Crash consistency is basically the state when you would unplug of power-off a host or VM.
This quiescing method is often used due to it’s broad OS support. The method prevents file-system (FS) corruption by writing pending data and FS changes to disk prior to creating the snapshot, which is even more important when using journaling file-systems.
FS quiescing requires the a compatible OS and installed VMware Tools.
Application consistency builds upon FS quiescing and is mostly used for applications running on Windows OS’es that use VSS. This ensures that applications have written their pending changes to disk prior and perform tasks to bring to app in a consistent state. For example Oracle writes checkpoints to it’s important files to have uniform SCNs. In general in-memory data and pending I/O is flushed to disk in the correct transactional order.
For a Windows VM the quiescence process is controlled by the application’s VSS writer which performs the needed actions before the quiesced snapshot is taken.
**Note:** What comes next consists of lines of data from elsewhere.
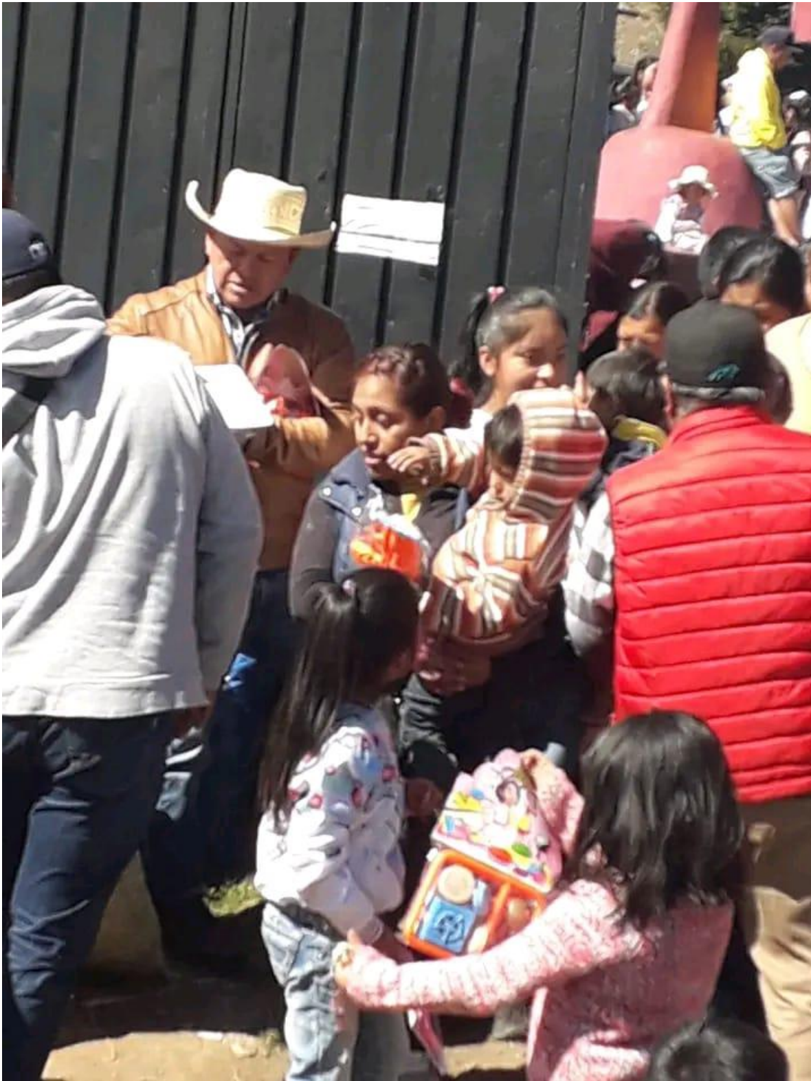
ANEXO 9-14 Foto del día de reyes donde el presidente y juez de paz participan dando jug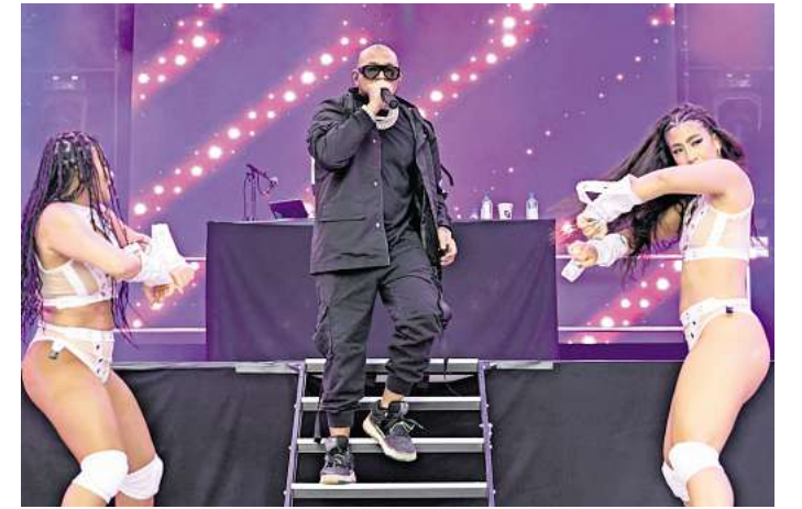
Auch dabei: Dancehall-Star Sean Paul.

All das gilt auch für das NDR 2 Plaza Festival am Vortag, dem 29. Mai. Dafür sind bereits seit Ende Oktober die beteiligten Künstler und Bands bekannt: Peter Maffay, Roxette, The Boss Hoss, Blue und ClockClock.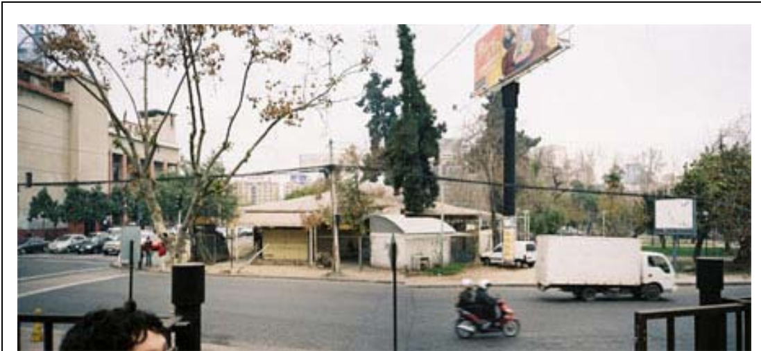
Fig.4 Imagen de feria artesanal autorizada sobre acceso principal del Parque J.D. Gómez Rojas, frente a la Facultad de Derecho de la U. de Chile, incluyendo letreros de propaganda de variados formatos.

2. El status de Bien Nacional de Uso Público le fue confirmado en el Plan Intercomunal de Santiago aprobado desde 1960, y como parte de las 690 hás ubicadas dentro de los límites urbanos de este plan, destinadas a espacios verdes y recreacionales junto al río Mapocho ("Cuenca del Río Mapocho") 6 .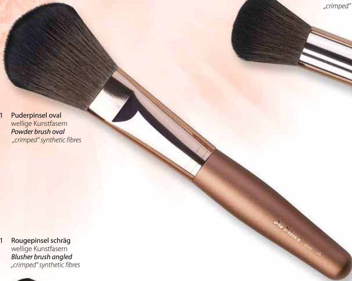
9511 Puderpinsel oval wellige Kunstfasern Powder brush oval „crimped“ synthetic fibres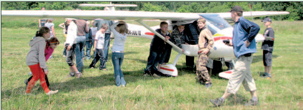
Samolot ultralekki wzbudzał nieustanne zainteresowanie nie tylko dzieci i młodzieży.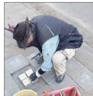
Gunter Demnig beim Einsetzen der Stolpersteine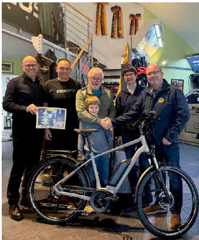
Der glückliche Gewinner des E-Bikes

Lions Club übergab Hauptpreis des Adventskalenders im Wert von 3.000 Euro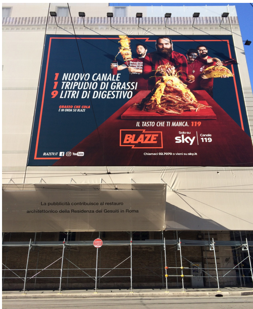
Figura 2 Residência dos Jesuítas em Roma. Lê-se nos andaimes: “A publicidade contribui ao restauro da residência dos jesuítas em Roma”. Vista parcial da fachada Sul.

Além das normativas mencionadas, quem pretende dispor anúncios visíveis do espaço público deve estar atento ao “Codice della Strada” (Código Viário - Decreto Legislativo de 30 de Abril de 1992 n.285), outra lei federal que menciona a publicidade em diversos artigos, no sentido de zelar pela segurança no trânsito.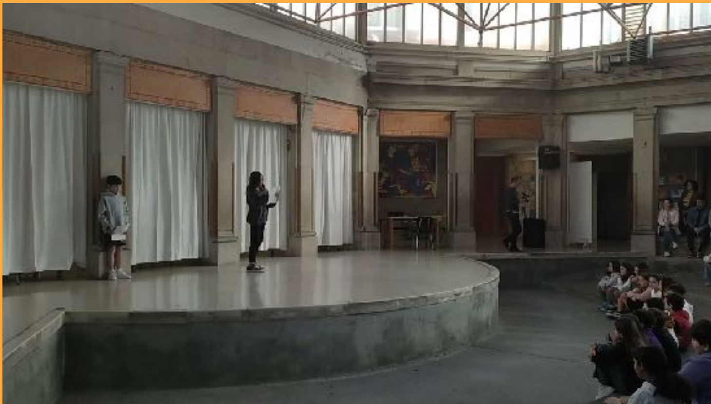
Un momento dell'accoglienza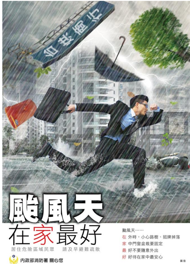
消防署製作防颶宣導海報

Check your backup / replication vendor compatible application list before using the feature. The interaction between VSS and the backup or replication software that starts the quiescing process uses the Guest OS operations feature of the VMware Tools (former VIX API) which is part of the vSphere Web Services SDK that is built into vCenter.
Some backup vendor implement it differently and try to reach the VM over the network (L2 / L3) first, before using the Guest OS operations features. In a service provider situation, probably the latter would be the way to go.
In the VIX documenting the purpose was described as:
The VIX API helps you write scripts to automate virtual machine operations and manipulate files within guest operating systems. VIX programs run on different systems and support management of vSphere, Workstation, Player, and Fusion. Bindings are provided for C, Perl, and COM (Visual Basic, VBscript, C#).
For Linux and non-VSS compatible Windows applications, quiescing is performed in a different way. In this case, scripts (freeze and thaw) have to be put in a certain location and need to be configured in the backup or replication application. These scripts perform the required quiescing operations in the application.
App consistent mode requires a compatible OS, installed VMware Tools and a compatible (mostly VSS based) application.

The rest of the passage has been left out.